## Assignment
Please begin with the line containing "本课程使用ZYNQ ECO开发板,它以ZYNQ XC7Z010" and reproduce each line exactly until the records below end, without any pictures.
------ Dataset records
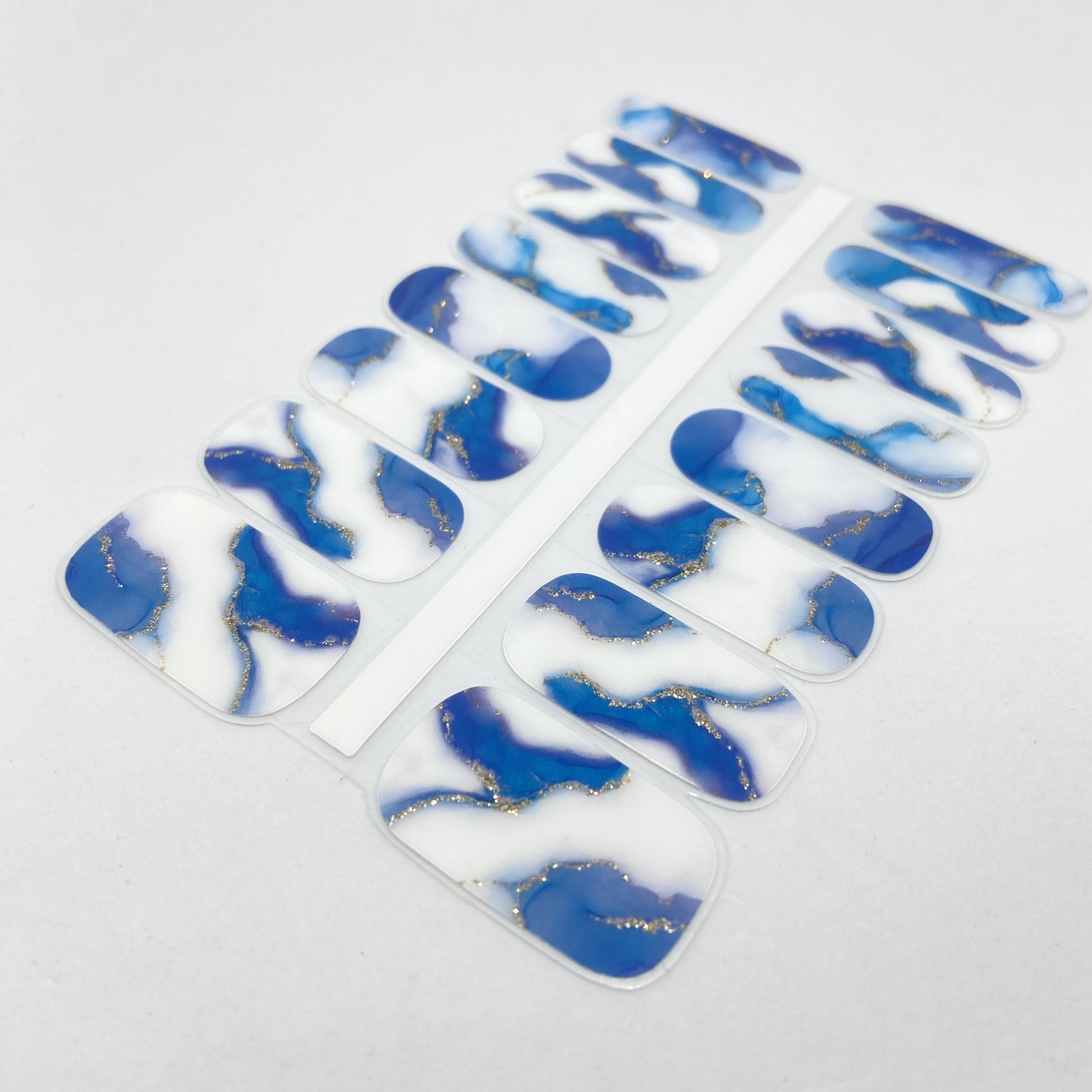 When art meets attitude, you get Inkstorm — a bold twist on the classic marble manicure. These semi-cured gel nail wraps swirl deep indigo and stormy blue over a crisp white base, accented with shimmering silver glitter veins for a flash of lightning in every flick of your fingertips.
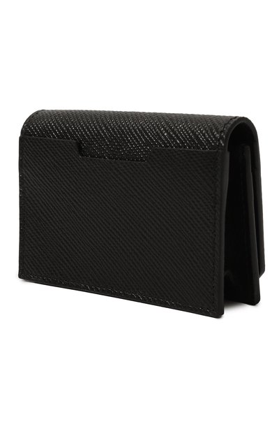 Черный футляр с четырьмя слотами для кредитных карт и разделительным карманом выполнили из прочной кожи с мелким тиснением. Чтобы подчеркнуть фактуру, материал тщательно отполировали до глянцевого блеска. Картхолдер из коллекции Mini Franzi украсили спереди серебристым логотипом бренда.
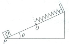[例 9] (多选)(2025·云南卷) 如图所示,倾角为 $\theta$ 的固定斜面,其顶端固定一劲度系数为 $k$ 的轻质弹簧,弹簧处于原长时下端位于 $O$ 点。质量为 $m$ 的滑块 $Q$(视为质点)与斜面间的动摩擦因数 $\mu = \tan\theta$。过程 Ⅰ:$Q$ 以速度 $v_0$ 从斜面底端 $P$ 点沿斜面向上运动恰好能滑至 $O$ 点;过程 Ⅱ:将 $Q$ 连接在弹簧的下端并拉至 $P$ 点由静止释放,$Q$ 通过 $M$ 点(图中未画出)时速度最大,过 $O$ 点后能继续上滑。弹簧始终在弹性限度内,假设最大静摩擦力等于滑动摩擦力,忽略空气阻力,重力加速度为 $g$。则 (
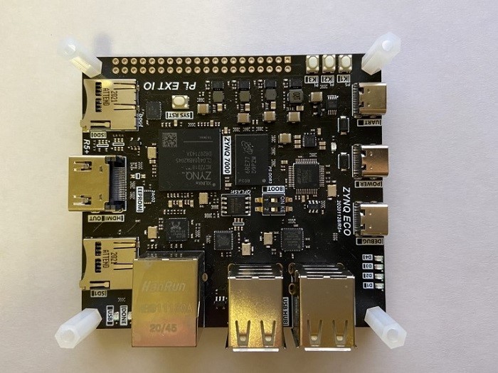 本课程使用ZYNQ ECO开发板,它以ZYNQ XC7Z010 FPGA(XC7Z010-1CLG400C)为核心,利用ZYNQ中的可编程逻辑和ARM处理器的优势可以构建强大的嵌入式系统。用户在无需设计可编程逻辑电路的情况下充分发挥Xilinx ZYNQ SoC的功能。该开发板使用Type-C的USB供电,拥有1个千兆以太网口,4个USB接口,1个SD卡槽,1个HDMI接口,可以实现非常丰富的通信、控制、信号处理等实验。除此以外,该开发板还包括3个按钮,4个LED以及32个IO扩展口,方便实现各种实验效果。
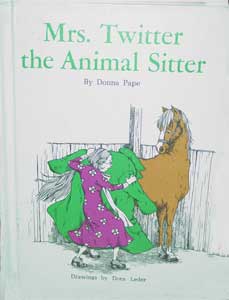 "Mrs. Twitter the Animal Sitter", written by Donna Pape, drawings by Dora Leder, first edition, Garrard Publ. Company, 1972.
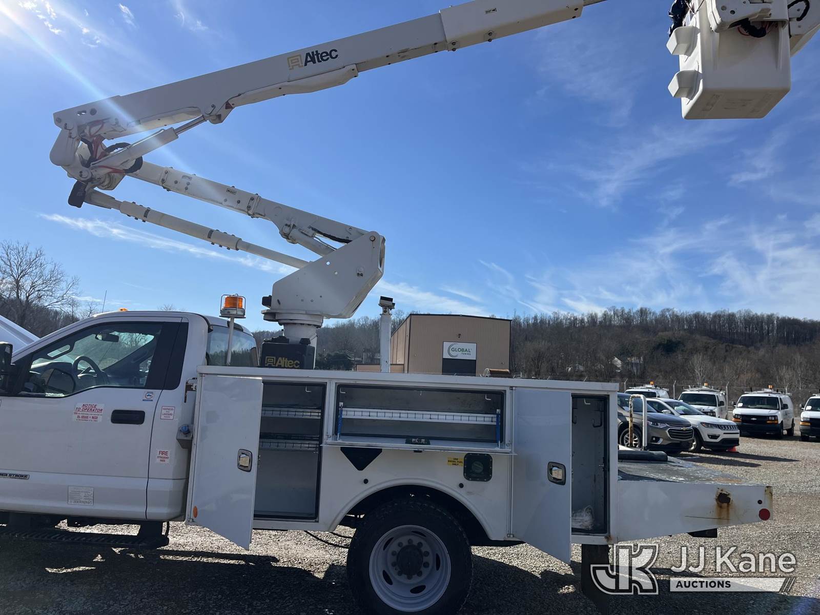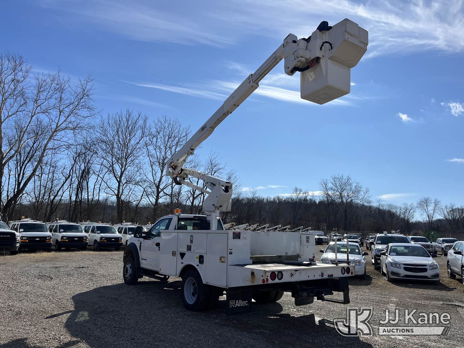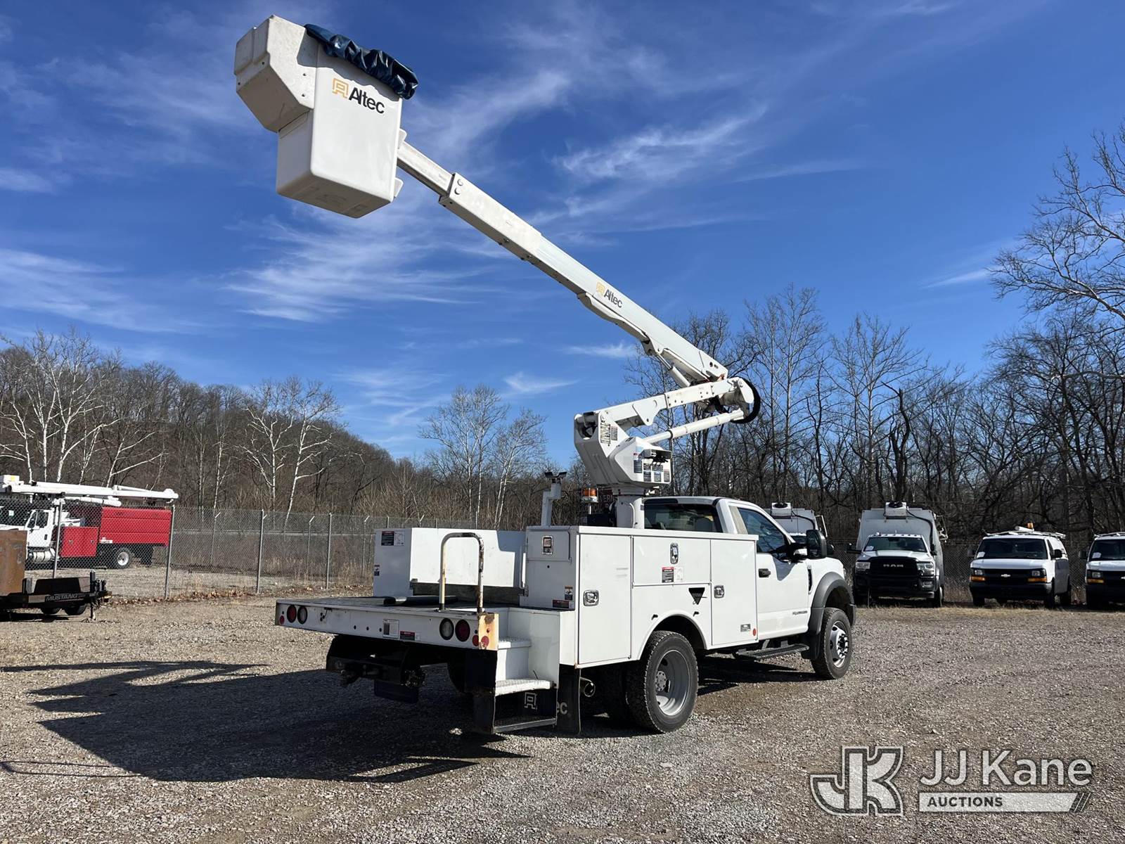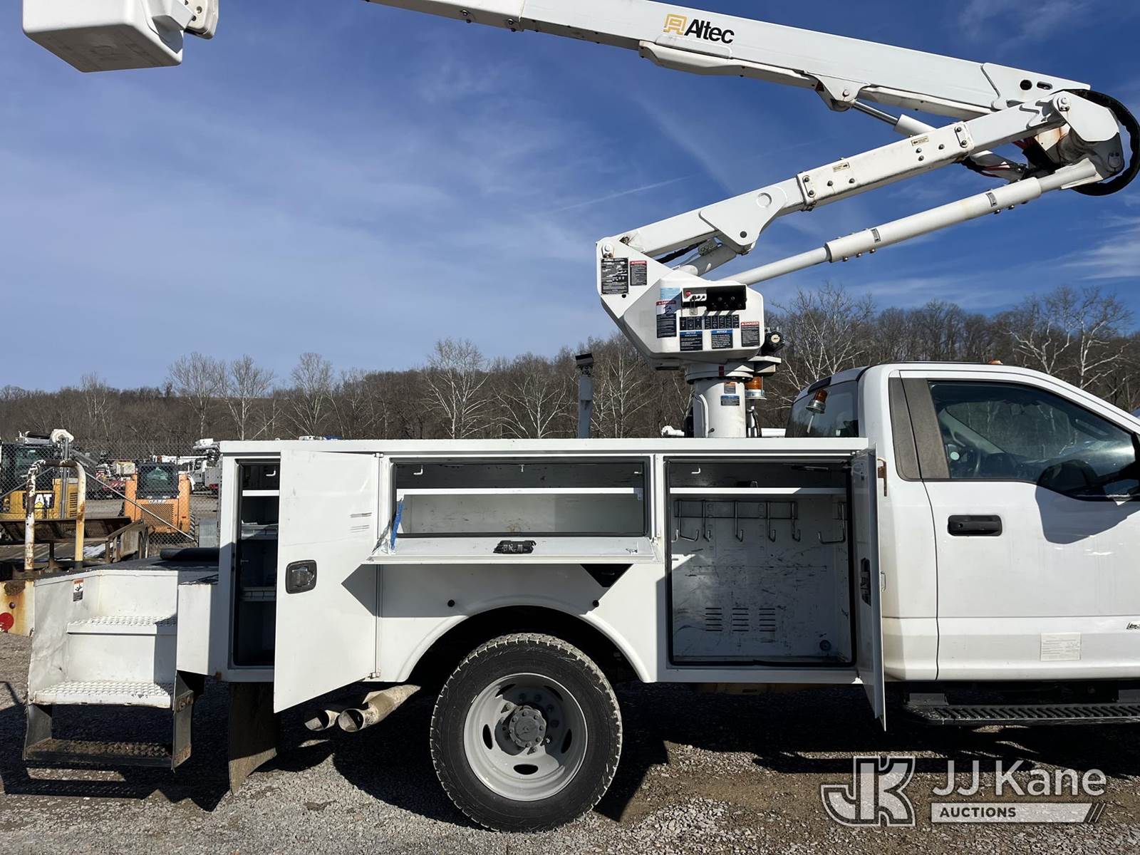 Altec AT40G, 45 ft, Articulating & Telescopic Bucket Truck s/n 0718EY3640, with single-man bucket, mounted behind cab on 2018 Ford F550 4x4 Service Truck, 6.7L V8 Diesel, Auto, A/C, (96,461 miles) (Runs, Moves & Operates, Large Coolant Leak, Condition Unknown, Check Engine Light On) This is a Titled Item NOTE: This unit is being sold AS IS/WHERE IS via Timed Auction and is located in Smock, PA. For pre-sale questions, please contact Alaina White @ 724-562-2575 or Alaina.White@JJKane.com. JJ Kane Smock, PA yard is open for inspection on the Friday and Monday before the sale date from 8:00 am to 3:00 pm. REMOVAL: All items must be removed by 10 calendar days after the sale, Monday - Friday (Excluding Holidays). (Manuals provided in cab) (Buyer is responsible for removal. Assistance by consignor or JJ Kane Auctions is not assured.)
------------
## Result
 本课程使用ZYNQ ECO开发板,它以ZYNQ XC7Z010 FPGA(XC7Z010-1CLG400C)为核心,利用ZYNQ中的可编程逻辑和ARM处理器的优势可以构建强大的嵌入式系统。用户在无需设计可编程逻辑电路的情况下充分发挥Xilinx ZYNQ SoC的功能。该开发板使用Type-C的USB供电,拥有1个千兆以太网口,4个USB接口,1个SD卡槽,1个HDMI接口,可以实现非常丰富的通信、控制、信号处理等实验。除此以外,该开发板还包括3个按钮,4个LED以及32个IO扩展口,方便实现各种实验效果。
 "Mrs. Twitter the Animal Sitter", written by Donna Pape, drawings by Dora Leder, first edition, Garrard Publ. Company, 1972.
 Altec AT40G, 45 ft, Articulating & Telescopic Bucket Truck s/n 0718EY3640, with single-man bucket, mounted behind cab on 2018 Ford F550 4x4 Service Truck, 6.7L V8 Diesel, Auto, A/C, (96,461 miles) (Runs, Moves & Operates, Large Coolant Leak, Condition Unknown, Check Engine Light On) This is a Titled Item NOTE: This unit is being sold AS IS/WHERE IS via Timed Auction and is located in Smock, PA. For pre-sale questions, please contact Alaina White @ 724-562-2575 or Alaina.White@JJKane.com. JJ Kane Smock, PA yard is open for inspection on the Friday and Monday before the sale date from 8:00 am to 3:00 pm. REMOVAL: All items must be removed by 10 calendar days after the sale, Monday - Friday (Excluding Holidays). (Manuals provided in cab) (Buyer is responsible for removal. Assistance by consignor or JJ Kane Auctions is not assured.)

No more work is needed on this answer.